"If sharks were people,” the small daughter of his landlady asked Mr. K., would they then be nicer to the small fish?” – Brecht, Wenn die Haifische Menschen wären
Continuing LI’s notes on the predator/prey relationship – we discovered, through one of Machery’s essays, that a famous essay by Volterra had caught Raymond Queneau’s eye, and was mentioned in his 1943 essay, The place of mathematics in the classification of the sciences, which begins like this: “In its relations with mathemtics, every science passes through the following four phases (four as of now, perhaps five tomorrow)” – which elegantly combines the academic and the Groucho Marxian. Queneau briefly surveys the sciences, claims that physics has gone through three of his stages, already, and then writes: “This is the ideal stage for the scientists of the late nineteenth century. The other sciences reamin far behind in this regard. Only very limited subjects are treated by this method: in biology, the theory of the fight for life; in sociology, econometrics. These two examples furthermore show that there is no incompatibility between the analytic method and the life sciences. The delay is in part explained by the fact that such an application apparently offers no problem to be resolved from the mathematical point of view, and so no potential for discovery; mathematicians thus soon lost interest in these theoretical fields, which offered no grist for their mill. if the theory of the fight for life was developed by Volterra, it’s because it ultimately led to integro-differential equations worthy of interest.”

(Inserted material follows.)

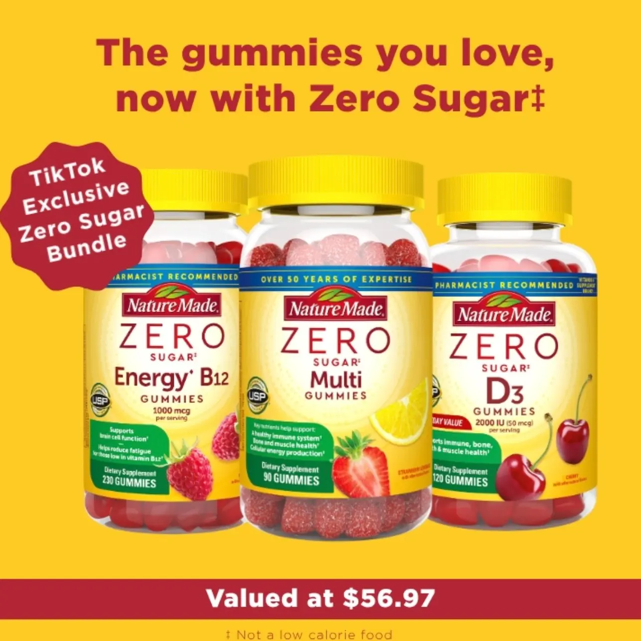 The Zero Sugar Bundle combines three of Nature Made’s most popular sugar-free gummies — delivering immune, bone, energy, and overall wellness support with no added sugar and no aspartame. Sweetened with maltitol, a sugar alcohol with the best GI tolerance among all sugar alcohols, these gummies make daily wellness simple, clean, and delicious.†

The explanation from mathematical banality might not quite have been the whole story, or at least LI can’t see it. But it is a nice story, nonetheless. The essay arose out of a project Queneau was working on in July 1942 (terrible months to encounter the struggle for life): Brouillon projet d’une atteinte a une science absolue de l’histoire, (sketch for a project for an attempt at an absolute science of history) of which Voltarra’s Lecons sur la theorie methematique de la lutte pour la vie was going to be one of the main sources, and Vico, Bruck, William Flinders Petrie, Spengler, “authors who believed they could discern rhythms or cycles in history” would be the other.” In the Model History in which Queneau jotted down these reminiscences, he also wrote: “if there had never been any wars or revolutions, there would never have been any history; there wouldn’t be any matter for history; history would be without an object… happy people have no history. History is the science of the misery of mankind.”
Most people have heard of the Volterra-Lotka equations, which show how predator-prey relations should oscillate around an ideal equilibrium over time, all other conditions being equal, and how that oscillation takes on four states. Queneau’s idea that, perhaps, these predator-prey states are strung out over human history is startling.